"We live here, we've got used to all the exercises, we've got used to all the planes, but what we never imagined is this, the retired lawyer said on Tuesday, standing in front of the main gate to the facility. Who would have thought of a drone flying through our skies, exploding on the other side of that fence and forcing all of us to leave?"
"In a moment, he said, the dangers of living next to a British base, when conflict was raging not so very far away, had suddenly become very real. In the early hours of Monday, sirens had begun to sound after the unmanned one-way attack drone crashed into RAF Akrotiri's runway."
"There are over 1,000 of us in our community, but today not more than 30 have remained, said Konstantinos. They've all gone, either to hotels, the nearby monastery or relatives in Limassol. People don't feel safe when there's so much uncertainty."

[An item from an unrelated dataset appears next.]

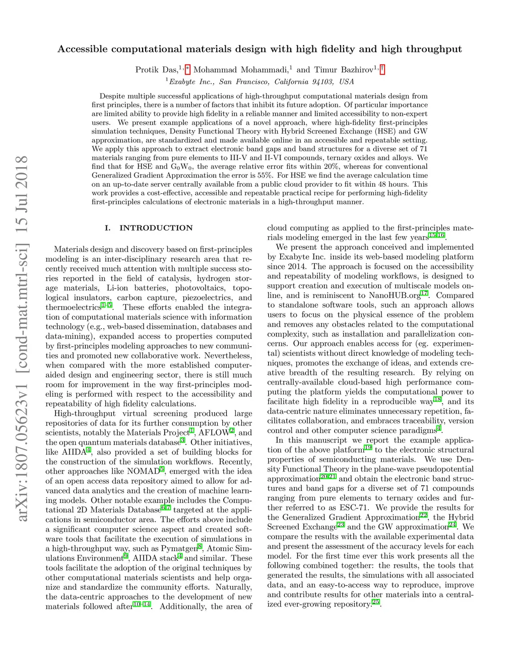 Despite multiple successful applications of high-throughput computational materials design from first principles, there is a number of factors that inhibit its future adoption. Of particular importance are limited ability to provide high fidelity in a reliable manner and limited accessibility to non-expert users. We present example applications of a novel approach, where high-fidelity first-principles simulation techniques, Density Functional Theory with Hybrid Screened Exchange (HSE) and GW approximation, are standardized and made available online in an accessible and repeatable setting. We apply this approach to extract electronic band gaps and band structures for a diverse set of 71 materials ranging from pure elements to III-V and II-VI compounds, ternary oxides and alloys. We find that for HSE and G0W0, the average relative error fits within 20%, whereas for conventional Generalized Gradient Approximation the error is 55%. For HSE we find the average calculation time on an up-to-date server centrally available from a public cloud provider to fit within 48 hours. This work provides a cost-effective, accessible and repeatable practical recipe for performing high-fidelity first-principles calculations of electronic materials in a high-throughput manner.

Giorgos Konstantinos and residents of Akrotiri village in Cyprus have lived alongside RAF Akrotiri for generations, accustomed to military exercises and aircraft noise. However, a Shahed-type drone launched from Lebanon by Hezbollah crashed into the base's runway early Monday, triggering sirens and prompting a government-ordered evacuation. The village, home to over 1,000 people, became nearly deserted as residents fled to hotels, monasteries, and nearby cities. Konstantinos expressed shock that despite advanced air defence systems at the base, the drone was not detected earlier. This incident transformed abstract military proximity into immediate, tangible danger for residents who had previously accepted the base's presence as routine.